Representation of manual actions for adaptive alignment in human-robot-cooperation

Priming of relevant motor degrees of freedom to achieve rapid alignment of motor actions can be conceptualised as the rapid selection of low-dimensional action manifolds that capture the essential motor degrees of freedom. The present project investigates the construction of such manifolds from training data and how observed action trajectories can be decomposed into traversals of manifolds from a previously acquired repertoire. To this end we focus on manual actions of an anthropomorphic hand and combine Unsupervised Kernel Regression (UKR, a recent statistical learning method) with Competitive Layer Models (CLM, a recurrent neural network architecture) to solve the tasks of manifold construction and dynamic action segmentation.

Recording manual actions

In the initial preparatory phase of the project, we needed to generate manual data from human demonstrations as a basis for the subsequent project work. As input device, we utilised a hand-mounted dataglove. With the aid of a two-step procedure, we achieved to robustly map manual demonstrations in form of dataglove sensor readings onto an intermediate human-like hand model and finally onto our robotic hand - the Shadow Dextrous Hand. As first manual action to investigate, we chose the movement of turning a bottle cap and therefore, we recorded several sequences of corresponding hand postures for different cap radii.

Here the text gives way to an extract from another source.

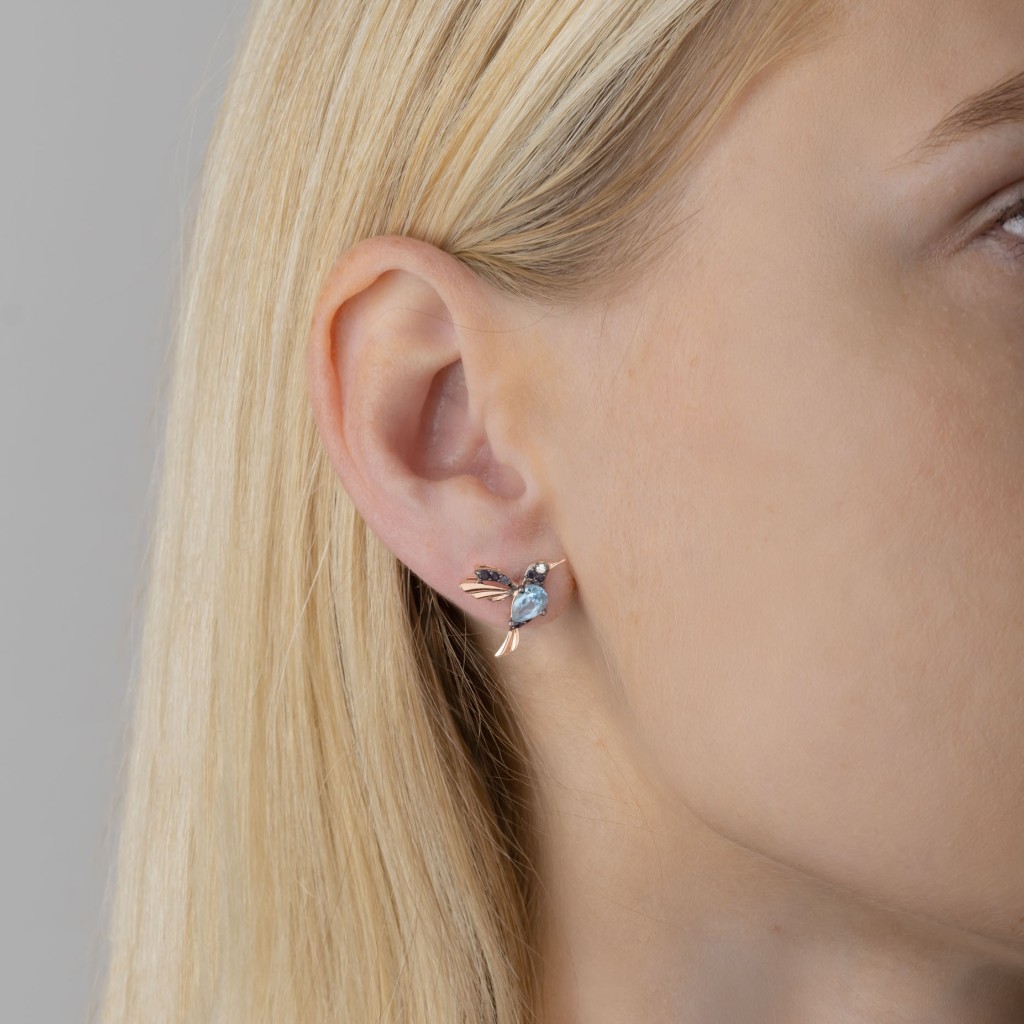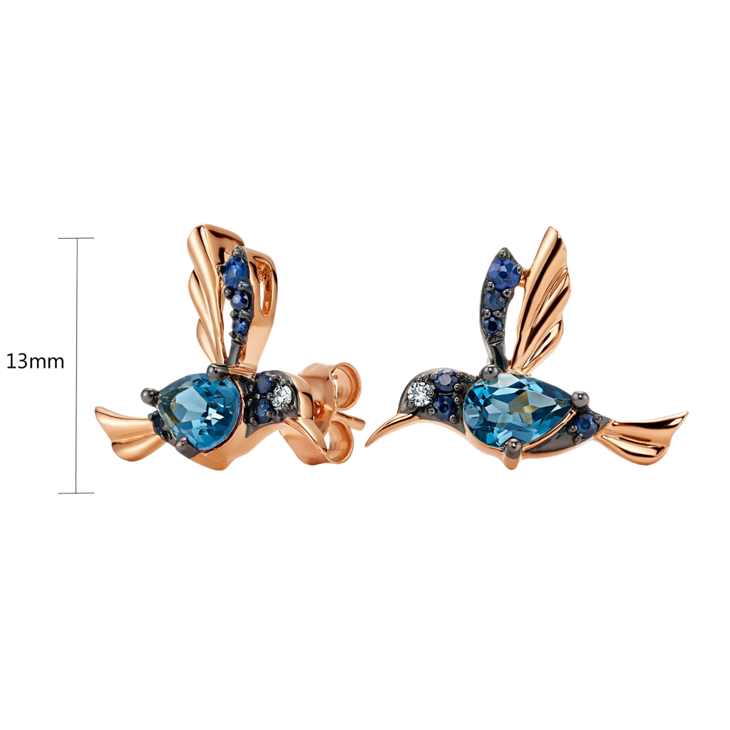 Auksiniai auskarai su topazais, safyrais ir briliantais  - Goldinga

Construction of low-dimensional action manifolds

Starting from our earlier work on dextrous grasping and Grasp Manifolds , we proposed a related representation for manipulation movements or dextrous manipulation, respectively. The main idea is to construct manifolds embedded in the finger joint angle space which represent the subspace of hand postures associated with the targeted manipulation movement. In contrast to our grasping approach, we now aim at representing sequences of hand postures corresponding to whole movement cycles instead of single final grasp postures in the manifold. To this end, we used Unsupervised Kernel Regression, a recent approach to non-linear manifold learning and provided some extensions to this approach to enable the method to represent (periodic) sequences of human motion capture data in a highly structured way.


Isomap embedding of the cap turning data	Initialisation of UKR's latent space	Latent space after training

More specific, we designed these manifolds such that specific movement parameters - and especially the advance in time - are explicitly represented by distinct manifold dimensions. Once successfully generated, such structured manifolds allow for very easy and purposive navigation within the manifold and thus to reproduce or synthesise unseen movements of the represented class .

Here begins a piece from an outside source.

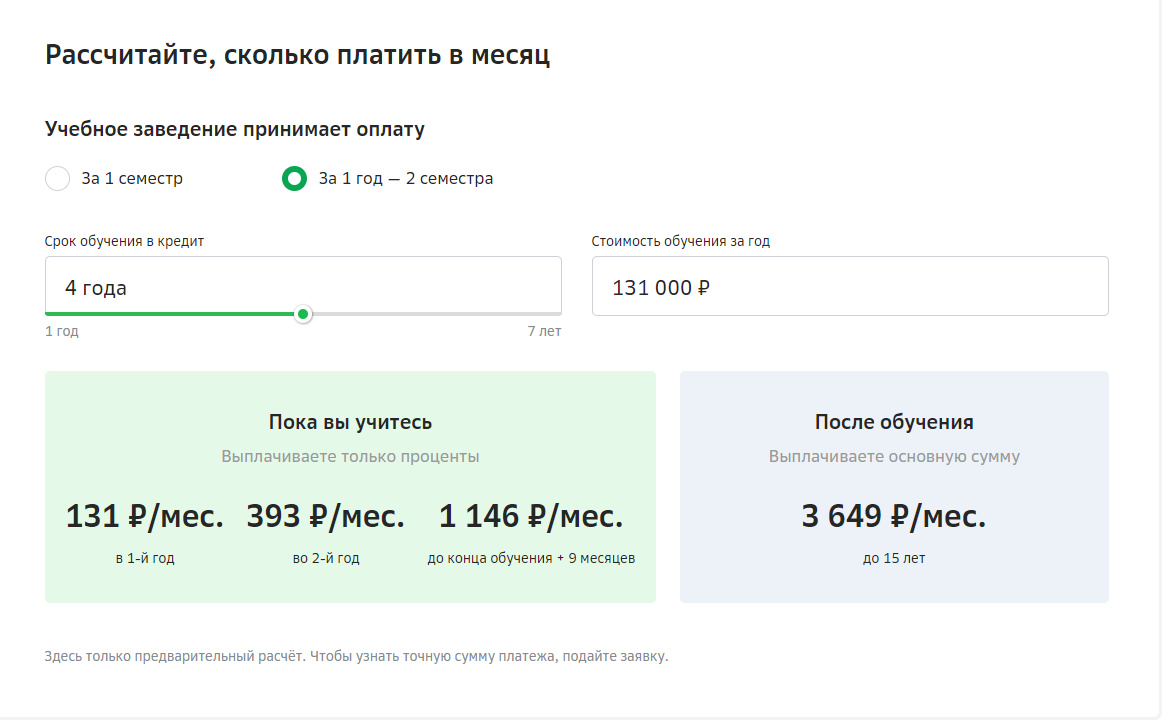 Легко выплачивать: весь срок обучения плюс 9 мес вы платите только проценты, остальное можете возвращать в течение 15 лет

For a short demonstration, please visit the (external) movie page.

Current work: Dynamic action segmentation

Our current work deals with the segmentation of demonstrated action sequences. We therefore combined the Competitive Layer Models (CLM) with the above presented Manipulation Manifolds or their underlying method of Unsupervised Kernel Regression (UKR) such that each layer of the CLM corresponds to one specific, previously trained UKR movement manifold of the covered repertoire. The CLM dynamics then decomposes the presented sequence of motion data by assigning each trajectory point to the CLM layer associated with the "best matching" UKR manifold. As "best matching" UKR manifold, we denote that one which would be best capable to reproduce the presented trajectory point in the presented context ("trajectory data history/neighbourhood").